On a trip to Israel, Sarah Palin asked the Israelis why they're apologizing all the time. They responded saying, 'Because we told everyone Tina Fey was coming.'
Political analysts are saying that as a candidate, Donald Trump is 'a totally unqualified nuisance.' In other words, he is a legitimate contender for the Republican nomination.
Tom Ridge announced a new color-coded alarm system. ... Green means everything's okay. Red means we're in extreme danger. And champagne-fuschia means we're being attacked by Martha Stewart.
People looking into Barack Obama's campaign contributions say that Obama may have received $3.3 million from abroad. Yeah. It turns out that broad is Oprah Winfrey.
According to a new study, most men would like women to occasionally pick up the check. The study also found that most women would occasionally like to be paid as much as men for doing the same job.

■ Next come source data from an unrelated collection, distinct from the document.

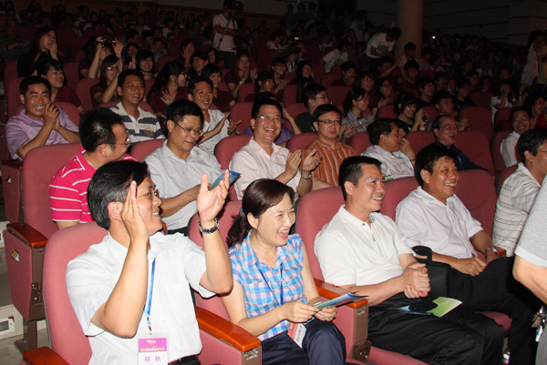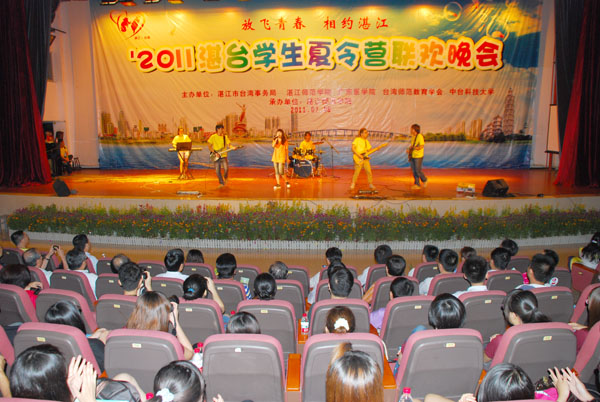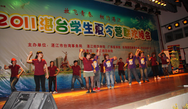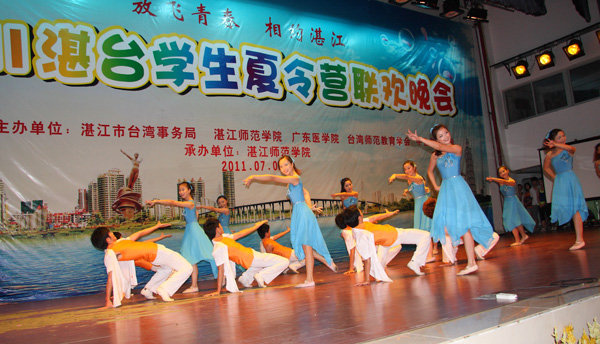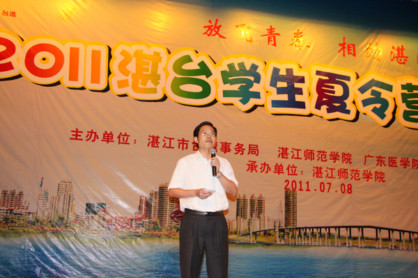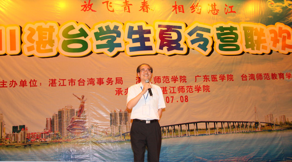 湛师新闻网7月10日讯 情系中华,相约湛江,8日晚,由湛江市台湾事务局、湛江师范学院、广东医学院、台湾师范教育学会、中台科技大学联合主办的2011年湛台大学生夏令营联欢晚会在我校音乐厅隆重举行。台湾代表总领队、台湾师范教育学会理事长、台中教育大学校长杨思伟,台湾代表团总顾问冯观富教授、中台科技大学校长李宏谟、台北市立大学领队蔡宏恩,湛江市委副秘书长刘耀千,广东医学院副院长颜大胜,我校罗海鸥院长、李江凌副院长及其他领导、老师、嘉宾出席了本次晚会。
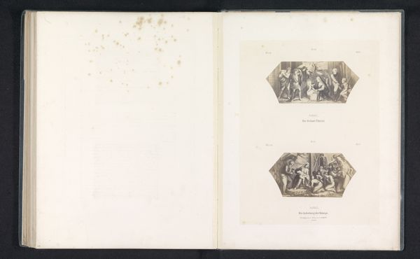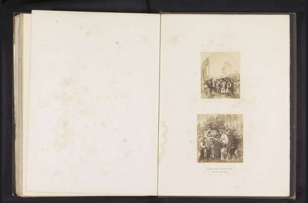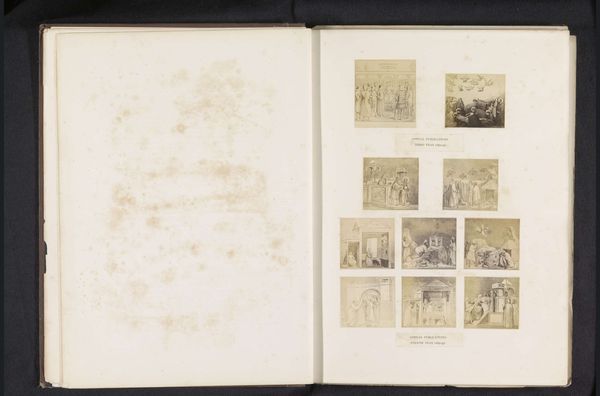 This is a collection of seven photo reproductions, taken from a publication by the Arundel Society, featuring works by Ghirlandaio and Giotto. The Arundel Society, founded in 1848, played a crucial role in disseminating knowledge of Renaissance art through reproductions. These reproductions, carefully pasted onto album pages, were made using a range of printmaking techniques, likely including lithography and engraving. The society commissioned artists to create faithful copies of frescoes and paintings, which were then translated into prints. This process involved a skilled division of labor, with artists, engravers, and printers each contributing their expertise. The resulting prints, such as these reproductions of Ghirlandaio and Giotto, allowed a wider audience to experience masterpieces that were otherwise inaccessible. The Arundel Society's work reflects the growing interest in art history and the desire to make art more accessible to the public. It also highlights the value of reproduction as a means of preserving and sharing cultural heritage. In appreciating these reproductions, we gain insight into the artistic, social, and economic forces that shaped the Victorian art world, blurring the boundaries between art, craft, and commerce.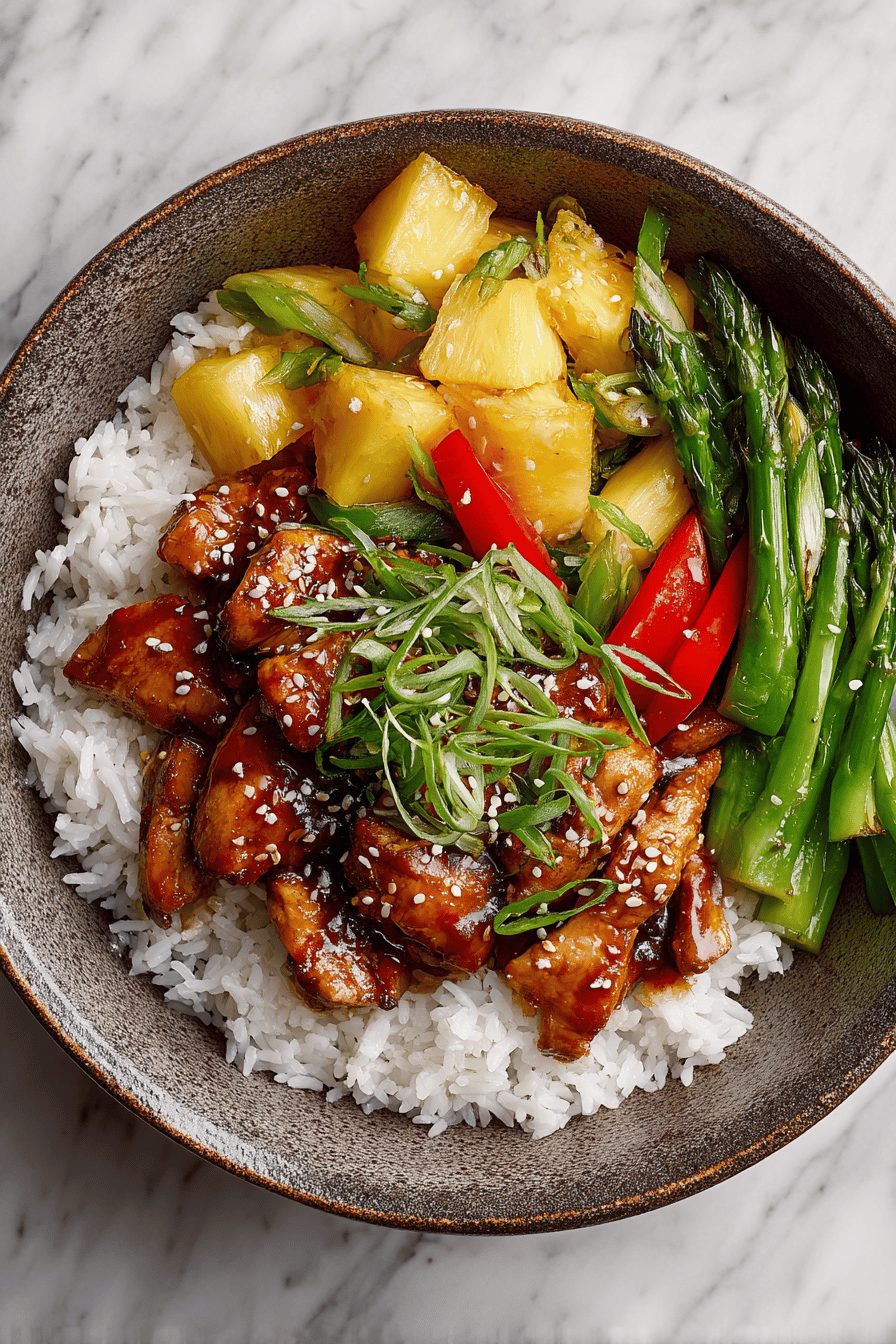 I once tried this with balsamic instead of rice vinegar because I was out of the right stuff. It was… interesting. The family politely finished it, but we all agreed it tasted like an identity crisis. I also learned that adding pineapple too early turns it into a sad, mushy thing—char it quick, then toss it in right at the end. When you reduce the sauce, watch it like a hawk; it goes from glossy to scorched in a heartbeat. My favorite accidental win: a splash of toasted sesame oil at the end makes people swear it’s a restaurant dish.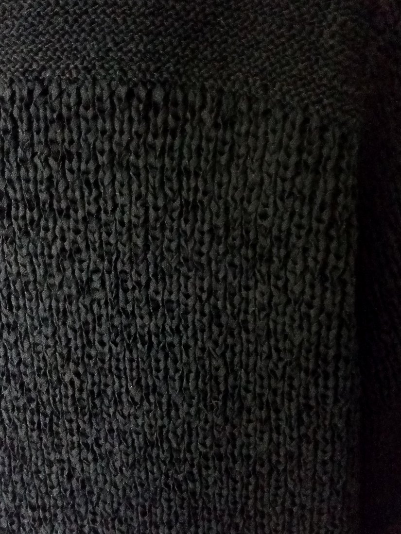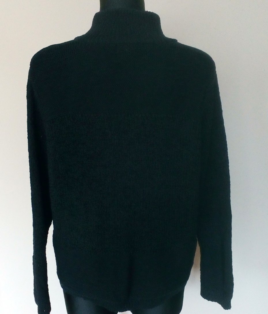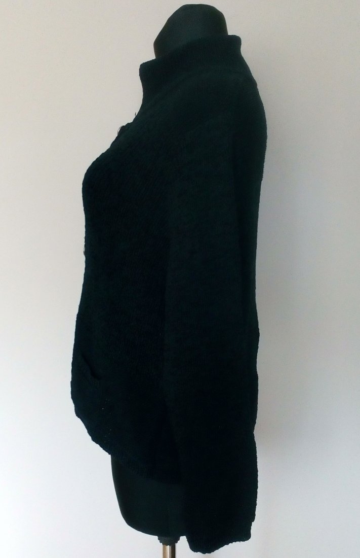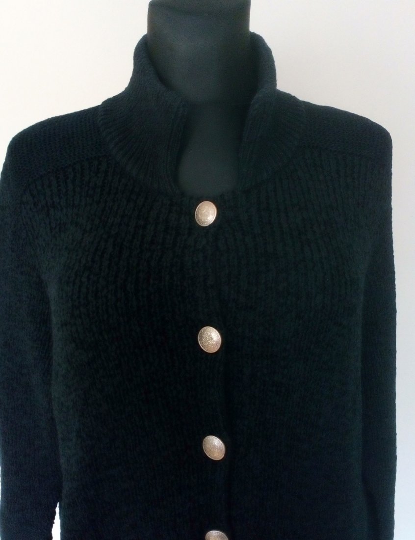 Czarny sweter z tasiemkowej włóczki, zapinany na lekkie, metalowe guziki z grawerem w srebrnym kolorze, u dołu przodu naszywane małe kieszonki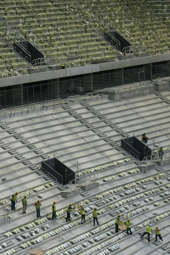 Сейчас на стадионе монтируют кресла – уже установлено 11 тысяч, конструкции для больших телеэкранов и систему подогрева газона. Дренажная система поляны уже установлена.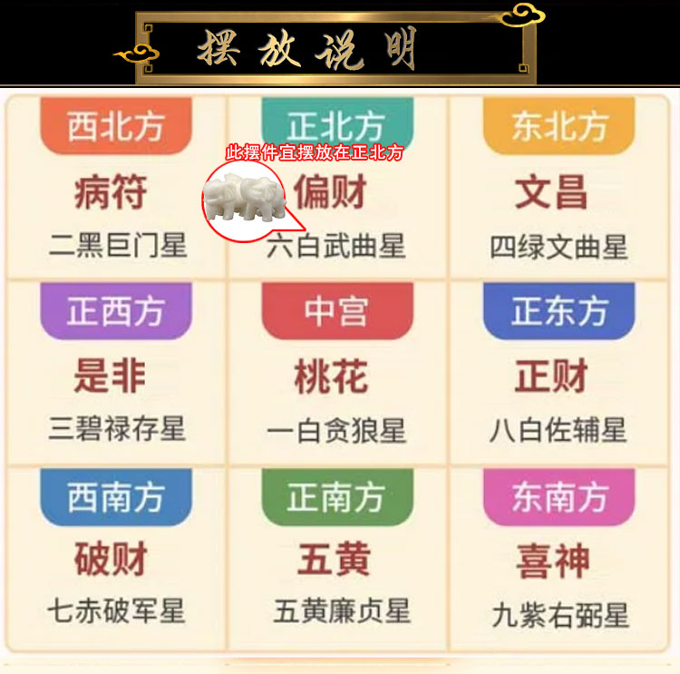 荷麟送财是由一对黑色麒麟背驼元宝,守护莲花宝座构成的。麒麟五行属土,在五行相生克的原理当中能够催旺五行属金的六白武曲星。而荷花是圣洁干净的,能够化煞解小人危机。至于元宝则是可催财,催运旺贵,为人增添福运的。因此在流年的时候,若是想增强偏财运的作用,可考虑在流年正南偏财位摆放一对【祥安阁荷麟送财】摆件来旺运,保佑屋主在流年里鸿运当头,可得大富贵。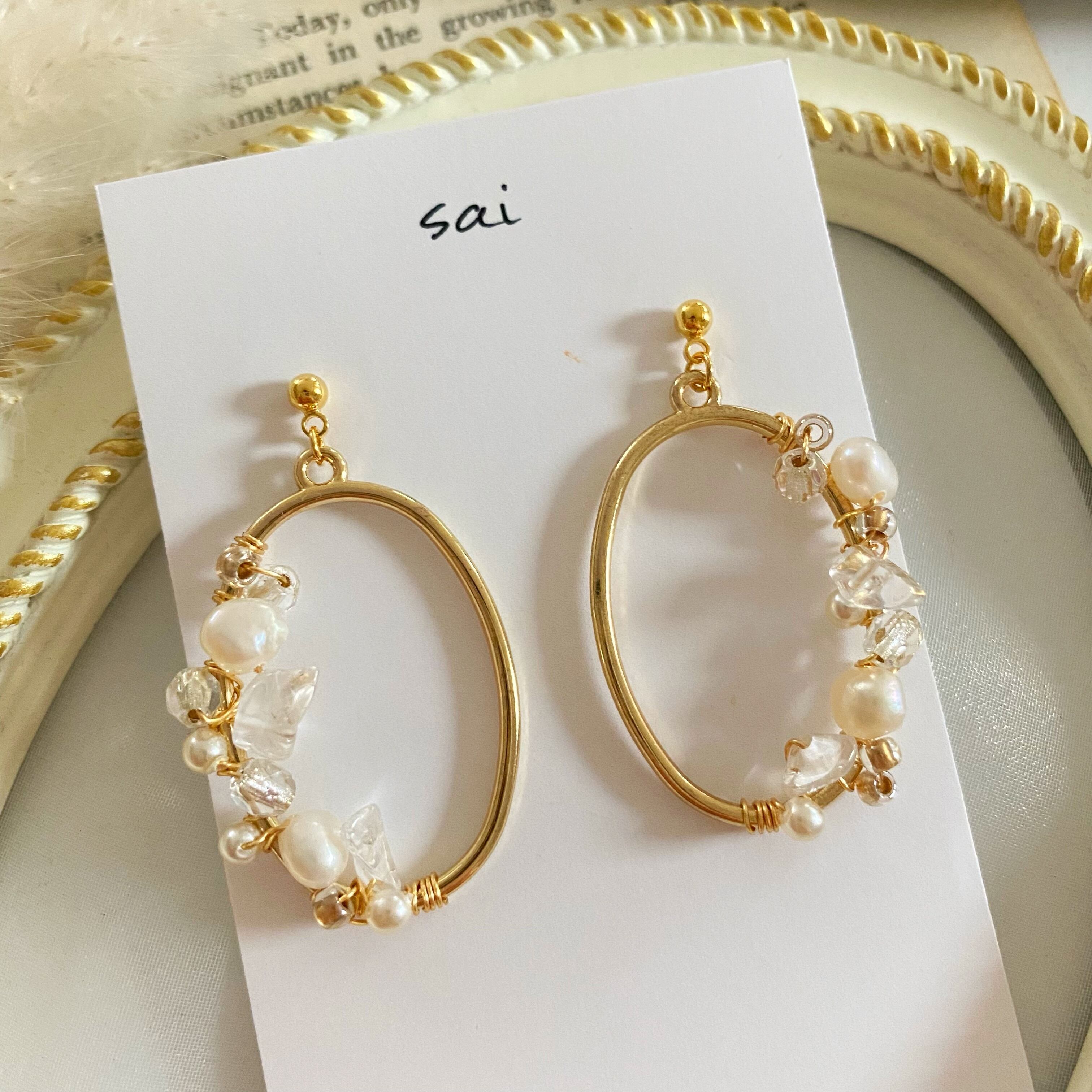 天然石クリスタルのさざれと淡水パールのシンプルなpierce/earringです( ⁎ᵕᴗᵕ⁎ )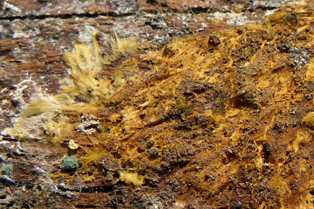 Fädige leuchtend gelbe "Fussel", es war auch ein bisschen "Belag mit Fusselrand" da (aber recht altersschwach und kaum definierbar, auf sehr morschem entrindeten cf. Laubholz).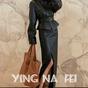 J8806 Трансграничная женская одежда больших размеров из искусственной кожи с воротником-стойкой, длинный костюм, источник, прямая продажа с фабрики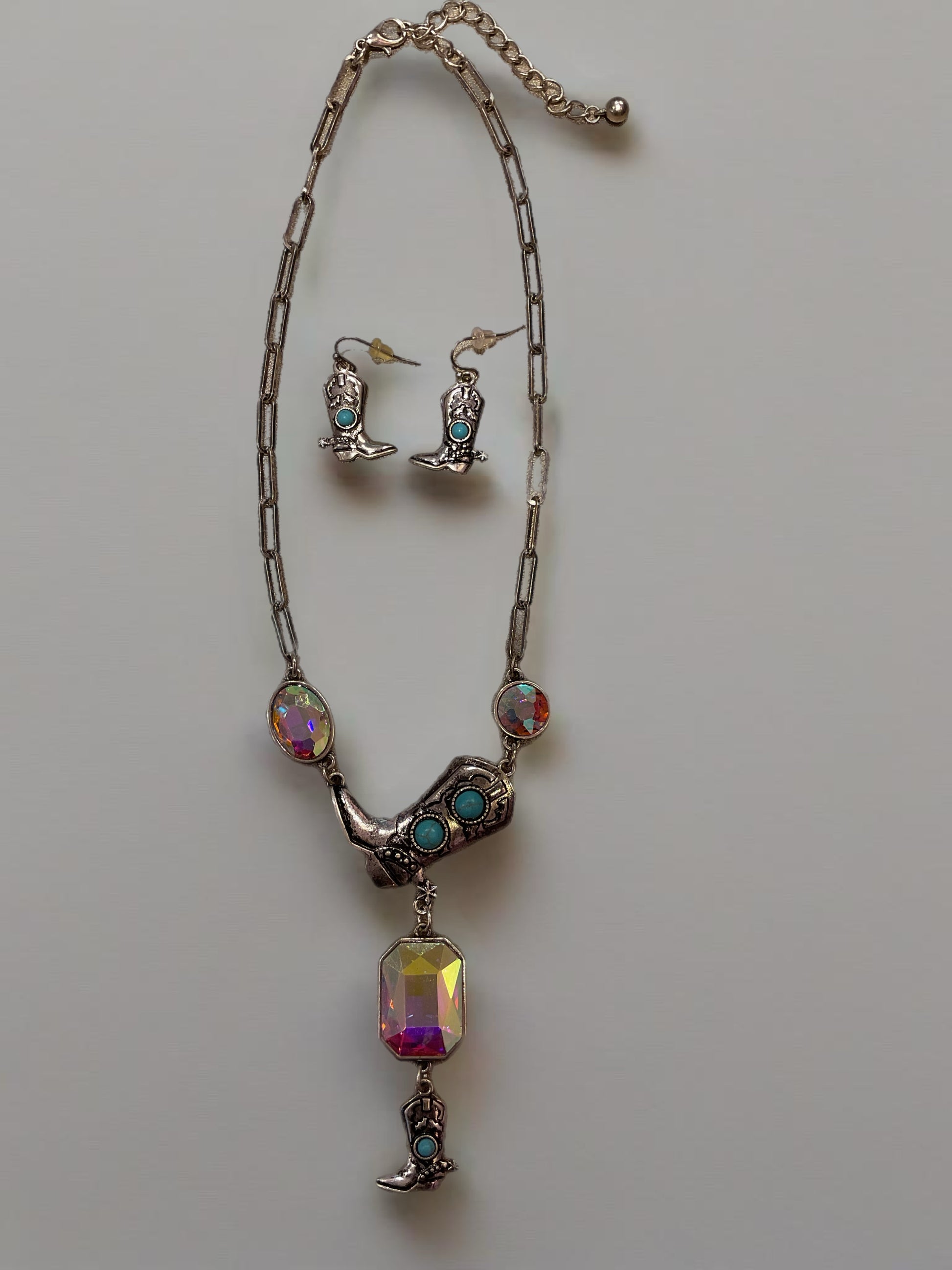 Add a touch of western charm to your wardrobe with the Wild West-Set jewelry set. This set includes a necklace and earrings featuring a cowboy boot & hat charm and iridescent stones. Perfect for any country lover, this set is sure to add a subtle sparkle to any outfit.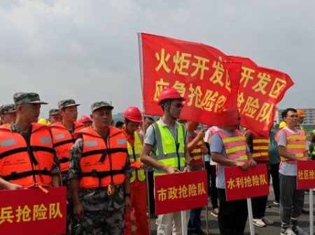 民兵搶險(xiǎn)隊(duì)積極參加鎮(zhèn)街三防應(yīng)急演練

According to the latest poll in the Washington Post, 63 percent of Americans said that so far they approve of President Bush. Not surprisingly, the other 37 percent are English teachers.
In an interview, former vice-presidential candidate Paul Ryan said he does not have a racist bone in his body. However, he admitted he has three sexist bones and his spine is homophobic.
Bob Dole is going to be appearing in a Pepsi commercial with Britney Spears. Yeah, apparently Dole says that if this doesn't cure his erectile dysfunction, nothing will.
Tomorrow night President Obama will announce his new immigration plan. Obama's favorite part of his new immigration plan is that he gets to emigrate to another country. He's tired of all this.
Donald Trump refuses to give details about his policy plans. Trump apologized by saying, 'When I announced I was running for president, I had no idea people would take me seriously.'
North Korea conducted a nuclear test and the blast was so small that many scientists are saying it was a dud. Apparently, the nuclear bomb didn't work well because it was made in Korea.
Jeb Bush cheated on his diet and had a fried Snickers bar, pork on a stick, and a beer. Jeb Bush said he ate it so at least he could see some of his numbers go up.